Data: Helpful, Useless or Misleading?
OPINION |

Data: Helpful, Useless or Misleading?

TO MAKE MANAGERIAL (BUT ALSO POLITICAL) DECISIONS, IS IT BETTER TO RELY ON INSTINCT OR ON THE SCIENTIFIC METHOD? THE PANDEMIC HAS SHOWN THAT THE ANSWER IS IN HOW WE USE THE DATA

by Alfonso Gambardella, Head of the Department of Management and Technology, Full Professor of of Management, Bocconi University

We have learned many lessons from COVID-19, and many more we are going to learn. I want to focus on one: management under uncertainty. This squares with the soaring availability of data and tecnologies for managing and processing data. The pandemic has shown that data can be helpful, useless, or misleading, depending on how we make decisions and use data.

I am part of a research group that advocates that management should become more “scientific” in the sense that managerial decisions under uncertainty should follow the same approach that scientists use in their research. Many managerial decisions involve no uncertainty. They are decisions about how to achieve a known goal more efficiently – e.g. how to minimize costs to produce a given quantity of output. But decisions that involve growth, such as innovation, or responses to competitive threats, are decisions under uncertainty. While management has taught us a lot about the first type of decisions, the same is not true of the second type. We should also beware of extreme views: artificial intelligence and computer science will solve most managerial problems, or at the other extreme, gut feelings is the only way to go.

A scientific approach to managerial decisions advocates that managers have to first develop a theory of what they expect. They then have to use data to test their theories and take actions based on the outcomes of these tests. As an illustration, I played a game in one of my classes. I told two students that they were going to earn 100 points per supporter of Inter FC in the class if they made an investment that costs 800 points upfront. The question is whether to make this investment. They developed a theory based on the number of male students, students from Milan, and other potential predictors. They predicted, respectively, 18 and 6 Inter supporters in the class. I then asked them to take a sample of 15 students out of the 100 in the class, and they found that 2 (or 13.3%) supported Inter FC. Both the test and the students’ original gut feelings matter because they updated their prediction to 14 and 10. On the one hand, their predictions converge; on the other hand, gut feelings may embody information that we do not account for in the tests. Who is right or wrong? It depends on who had the best gut feelings, or in the language of statisticians on “priors”. However, the important point is that, compared to the initial gut feelings, the test improved both decisions: there were 12 Inter supporters in the class!

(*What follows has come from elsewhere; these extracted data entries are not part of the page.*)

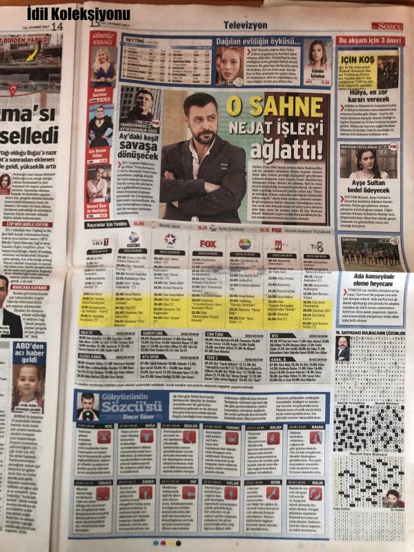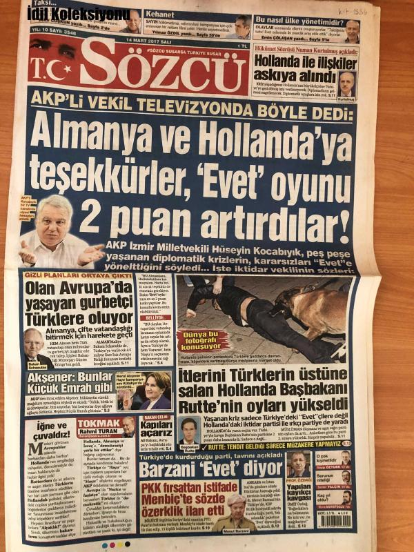 Sözcü Gazetesi, 14 Mart 2017, Bekir Coşkun, Yılmaz Özdil, Emin Çölaşan, Numan Kurtulmuş, Hüseyin Kocabıyık, Günter Krings, Wolfgang Schaeuble, Meral Akşener, Rahmi Turan, Ömer Çelik, Mark Rutte, Mesut Barzani, Saygı Öztürk, Soner Yalçın, Ümit Özdağ, Murat Muratoğlu, Gökhan Töre, Ali Aydın, Aboubakar, Ergin Ataman, Marcelo, Rıza Çalımbay, Mehmet Özdilek, İbrahim Üzülmez, Sergen Yalçın, Ahmet Nur Çebi, Şenol Güneş, Ali Şen, Aziz Yıldırım, Ali Koç, Simon Kjaer, Jeremain Lens, Salih Uçan, Ersun Yanal adlı eser Türkçe dilindedir.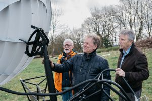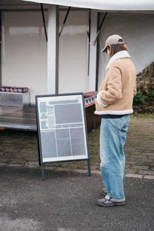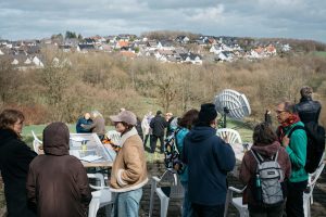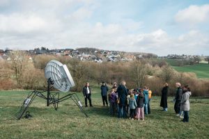 deshalb sind wir hier. Zwischen Schule und Sportplatz ist er aufgestellt: Mona Schulzeks Outer Space Transmitter. Er sendet Botschaften ins All. Direkt aus Breckerfeld. Eine Grundschulklasse kommt, holt die Stifte raus, die Zettel. Die Kinder haben mehr Fragen als Wünsche, schonmal interessant, sie richten sie aber nicht ziellos ins All, in alles, was da sein könnte, sondern gehen direkt rein, in medias res,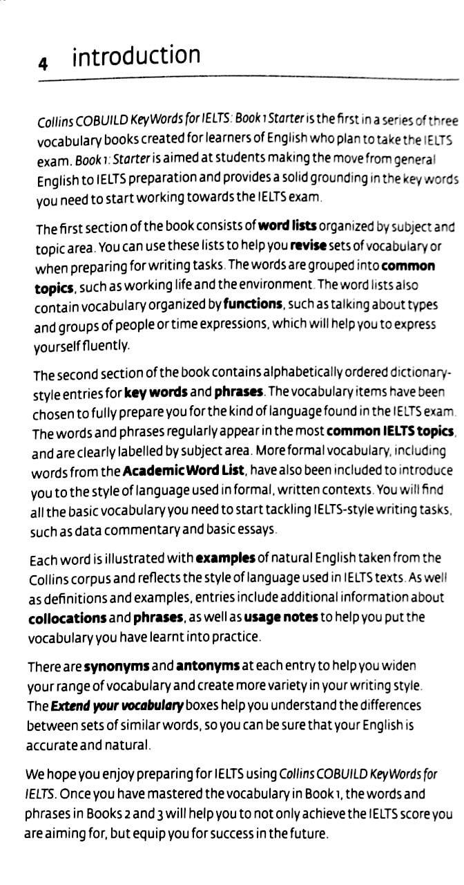 Collins Cobuild - Key Words For IELTS (Book 1: Starter) Collins Cobuild - Key Words For IELTS series is a brand-new range of three graded books which contain the essential vocabulary students need to succeed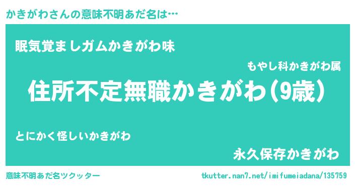 | 男性向けラノベタイトル風あだ名 | 『この素晴らしい世界にかきがわを!』 |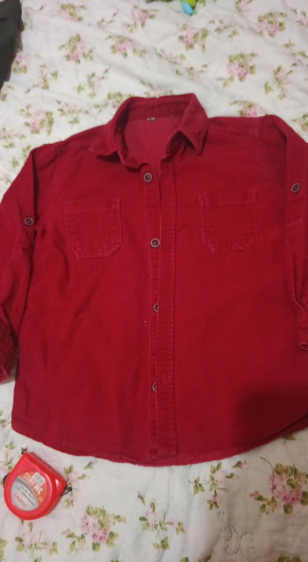 Kırmızı keten erkek çocuk gömleği, uzun kollu ve düğmeli ön detaylıdır. Notched lapel yakaya sahip, rahat kesimdir ve iki göğüs cebi bulunur.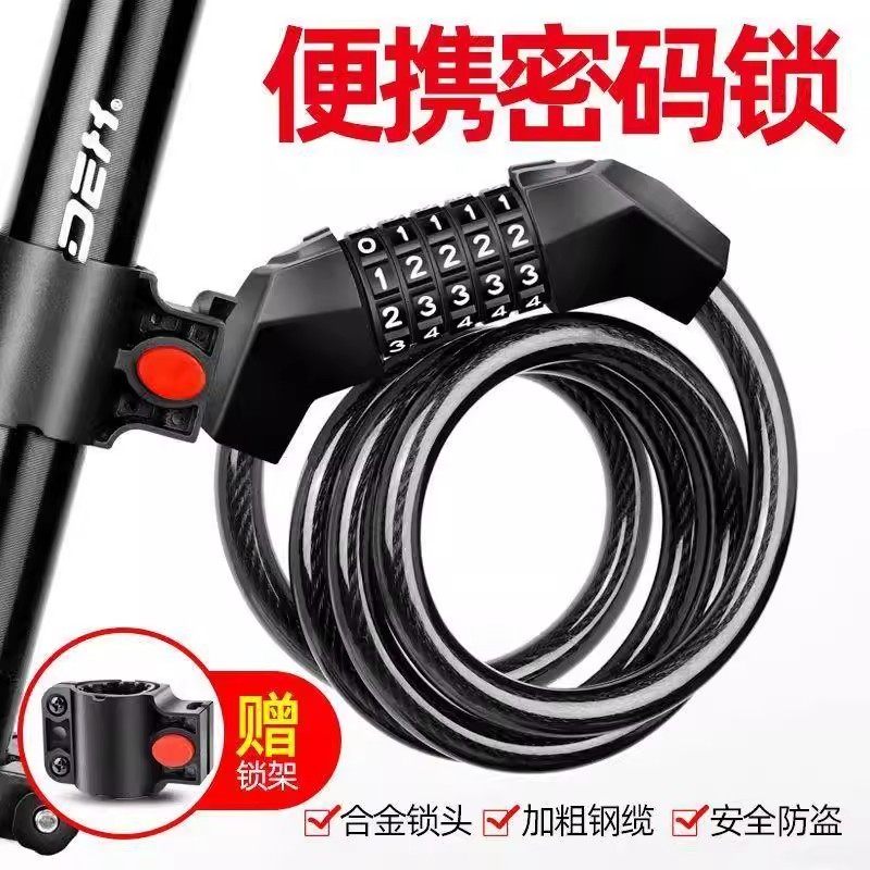 自行车钥匙锁山地防盗密码锁山地车便携式链条钢缆电动车单车车锁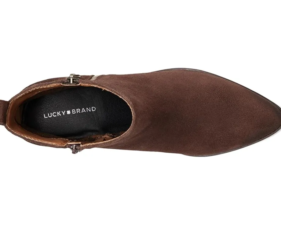 - The Ailein boot from Lucky Brand® is an effortless option for any fall look. This bootie features a pointed toe design, a stack heel, and a zippered side closure. Designed with a sleek leather upper and polyurethane lining, this bootie blends comfort and style with ease.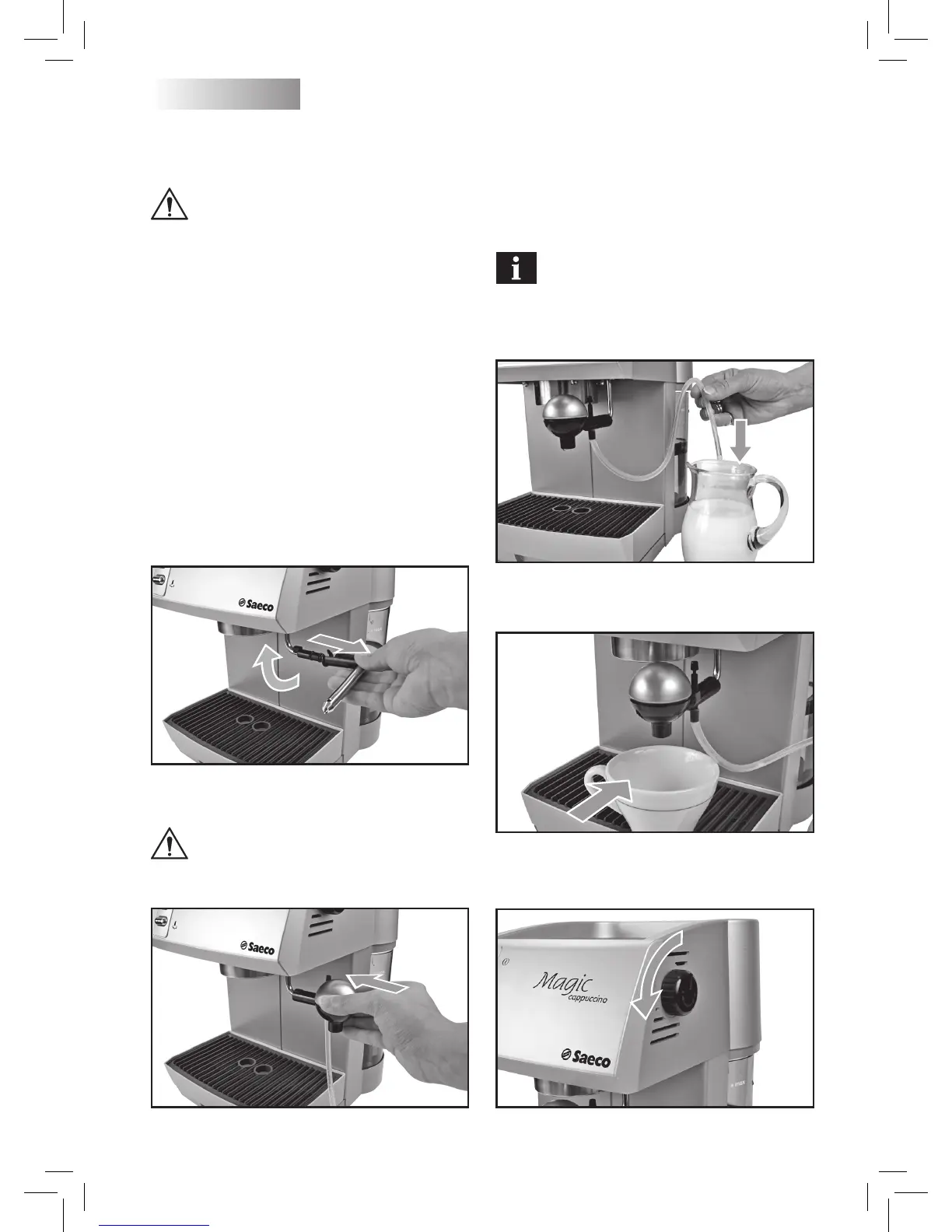 • Zet een kopje onder de cappuccino-bereider en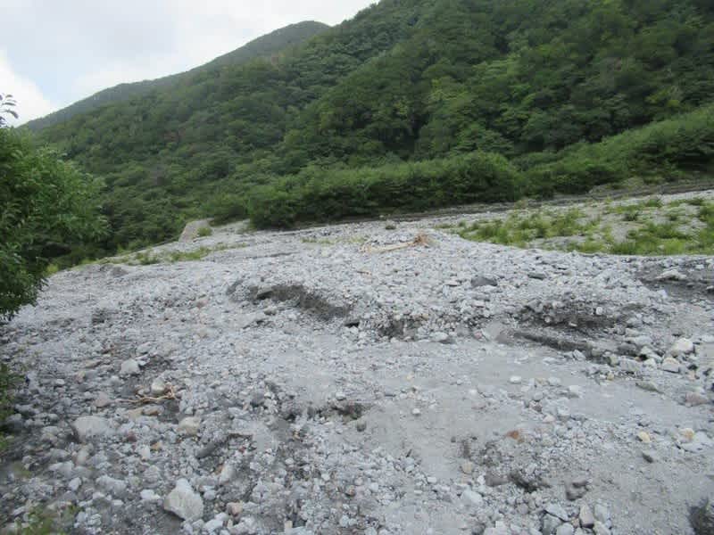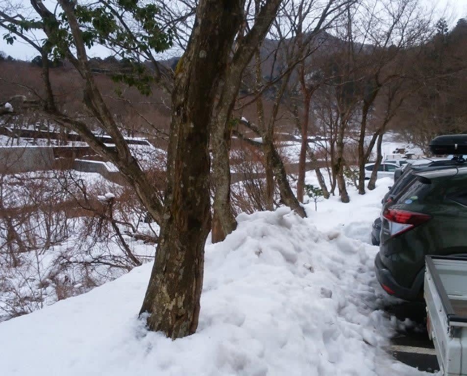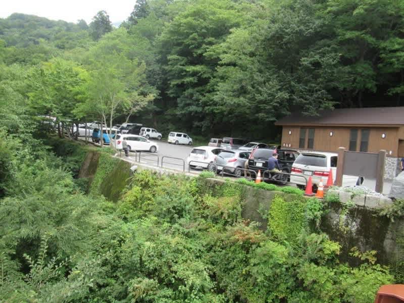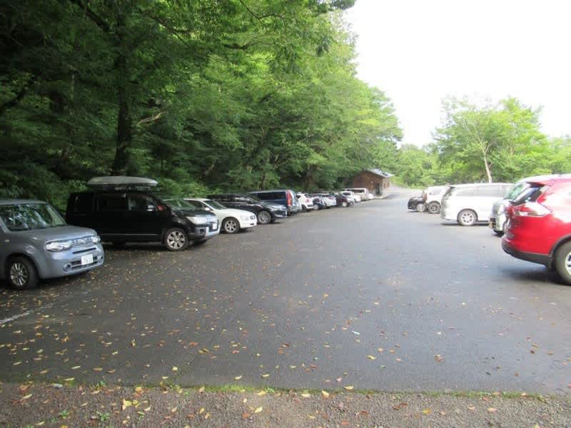 夏山登山道の途中から近道に入り 斜面を急降下すると駐車場が見えてきました。
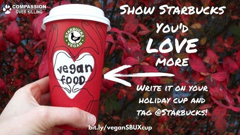 Neuigkeit zur PetitionStarbucks: Take the Next Step and Offer Vegan FoodACT NOW: Spread love for hearty vegan food using Starbucks’ new holiday cup!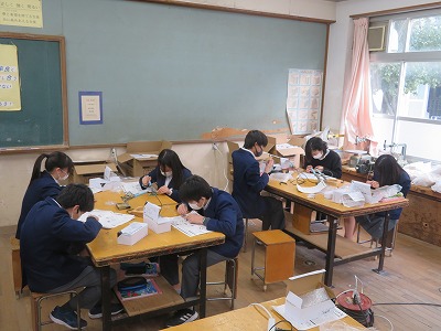 2年6組技術・家庭科(技術分野)は,基盤に部品をはんだ付けしました。高温になったはんだごてを火傷に注意しながら,一生懸命細かい作業に取り組みました。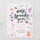 Convite para primeiro aniversario Fantasma de Halloween de um ano bonito Todos os designs são © PIXEL PERFECTION PARTY LTD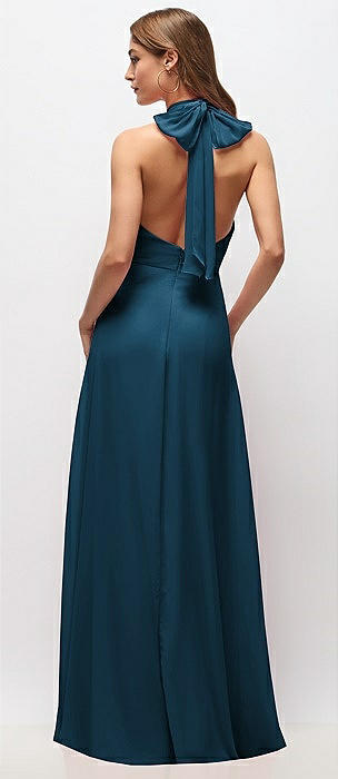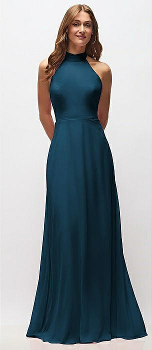 High Neck Halter Backless Maxi Dress in atlantic blue

If you think that this is not real, here is another example. A company has used “big data” to predict that customers who pay their bill online are more reliable (pay earlier and they are more likely to pay). But what to do with this prediction? Only a theory can inform about actions. Customers who pay online could be more reliable because of their characteristics or because online payment is easier. This yields two different managerial actions: monitor offline payers or diffuse online payments. The company could study two identical populations that for random reasons paid online or offline. If they observe differences in reliability, the company ought to extend online payment, otherwise it needs other experiments to understand what affects payment reliability. A similar example is the prediction made by Scott Stern and colleagues at MIT that used data on all the start-ups in Massachusetts to show that start-ups with shorter names are more likely to grow. This is useful for venture capitalists who need to predict high-growth companies, but not for entrepreneurs because if they shorten their names they are unlikely to grow faster. In order to understand how to grow faster, they need theories and tests that inform them whether it is a good idea to take the actions suggested by their theories.

Managers still rely too much on gut feelings and use data to make descriptions (“here is how sales are going this year”) or, more rarely, predictions. The big opportunity is to use data for making decisions using theories and by desiging tests that identify the value of the actions they theorize. Gut feelings help the scientific management of decisions. For example, if our prior is that online makes payments easier and do not find good evidence of it, we run another test to be sure; if we have the opposite prior, we save the cost of the new test.

This also puts Universities and business education in the right perspective. Too often we hear of genius entrepreneurs who made it only thanks to their intuitions: but we never hear of the many more that did not make it for the same reason. Universities and business education are, and will remain, the locus in which we learn the method for making good managerial decisions, whether in firms, government or other organizations. The COVID experience has shown that this is truer if we use and manage data efficiently.